Augusta of the Roman Empire
- Reign: 8 June 218 – 11 March 222
- Predecessor: Nonia Celsa (likely)
- Successor: Julia Maesa and Julia Mamaea
- Co-Augustae: Julia Maesa (218–222); Julia Cornelia Paula (219–220); Aquilia Severa (220–221); Annia Faustina (221);
- Born: 180 AD Emesa, Syria
- Died: 11 March 222 AD (aged 41–42) Rome, Italy
- Spouse: Sextus Varius Marcellus
- Issue: Varius Avitus Bassianus; Unknown issue;

Names
- Julia Soaemias Bassiana

Regnal name
- Julia Soaemias Bassiana Augusta
- Dynasty: Severan
- Father: Gaius Julius Avitus Alexianus
- Mother: Julia Maesa

= Julia Soaemias =

Mother of Roman emperor Elagabalus (180–222)

Julia Soaemias Bassiana (180 – 11 March 222) was a Syrian noblewoman and the mother of Roman emperor Elagabalus, who ruled over the Roman Empire from 218 to 222. She was one of his chief advisors, initially with the support and accompaniment of her mother Julia Maesa. She and her mother guided the young emperor until growing unrest and a family division led to her son's replacement by her nephew Severus Alexander. Julia Soaemias was killed along with her son by the Praetorian Guard.
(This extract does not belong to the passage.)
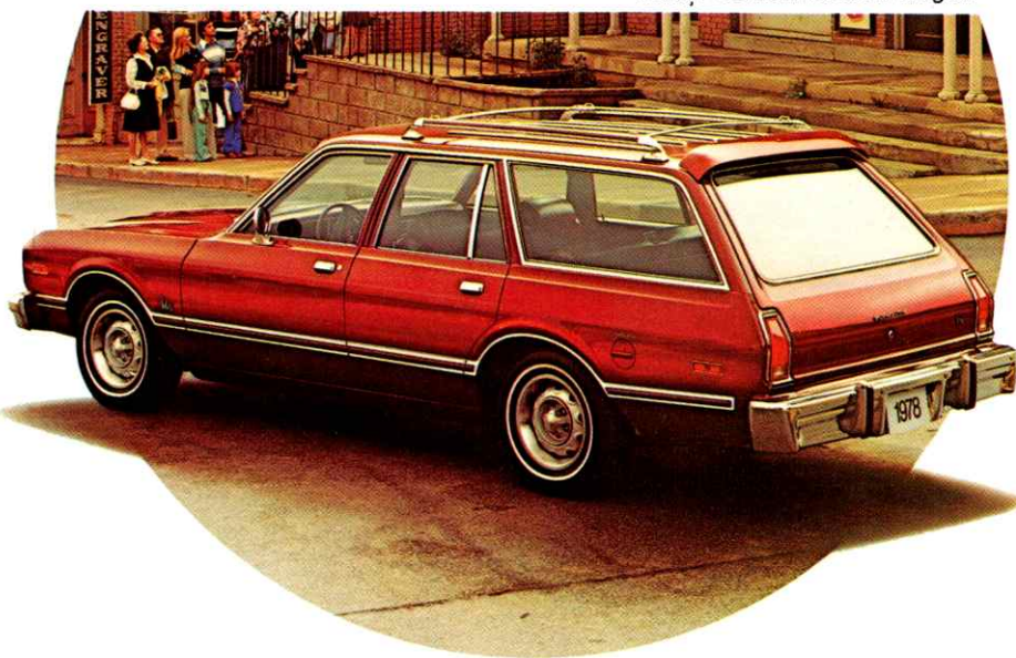
Volaré Custom Station Wagon

Something else that's new inside Volaré station wagons: the optional 60/40 bench seats with passenger side recliner and the thin-back seat design outfitted in a new red/gray plaid body cloth.
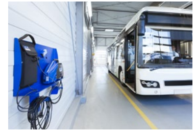
AVL DITEST MDS 305 – the exhaust emission testing device for your commercial vehicle workshop

Headquarters: DITEST Fahrzeugdiagnose GmbH Alte Poststraße 152, 8020 Graz, AUSTRIA, Tel. +43 316 787-0, Fax -1460, ditest@avl.com German branch: AVL DITEST GmbH Würzburger Straße 152, 90766 Fürth, DEUTSCHLAND, Tel. +49 911 47 57-540, Fax -477 www.avlditest.com

Julia Soaemias was born and raised in Emesa, Syria and through her mother was related to the Royal family of Emesa, and through marriage, to the Severan dynasty of Ancient Rome.

==Early life==
===Name===
Julia's name is recorded differently by ancient historians. Cassius Dio and Herodian gives "Σοαιμίς" (Soaemis), Eutropius "Symiasera", Paeanius "Symia Severa", Aurelius Victor "Soemea", and the Historia Augusta "Symiamyra" in the biography of Elagabalus, but "Symiamira" in the biography of Macrinus. Of the Latin sources only Victor gives a name that is close to her common name Soaemias. Modern historians attribute some of these different name variations to either garbled recordings or attestations of contemporary nicknames. Historian Andrew Scott notes that her name is similar to that of Gaius Julius Sohaemus but that any relation is uncertain. The name Symiamira might also have been used for propaganda purposes due to its similarity to the name of the legendary Assyrian empress Semiramis who had a negative reputation.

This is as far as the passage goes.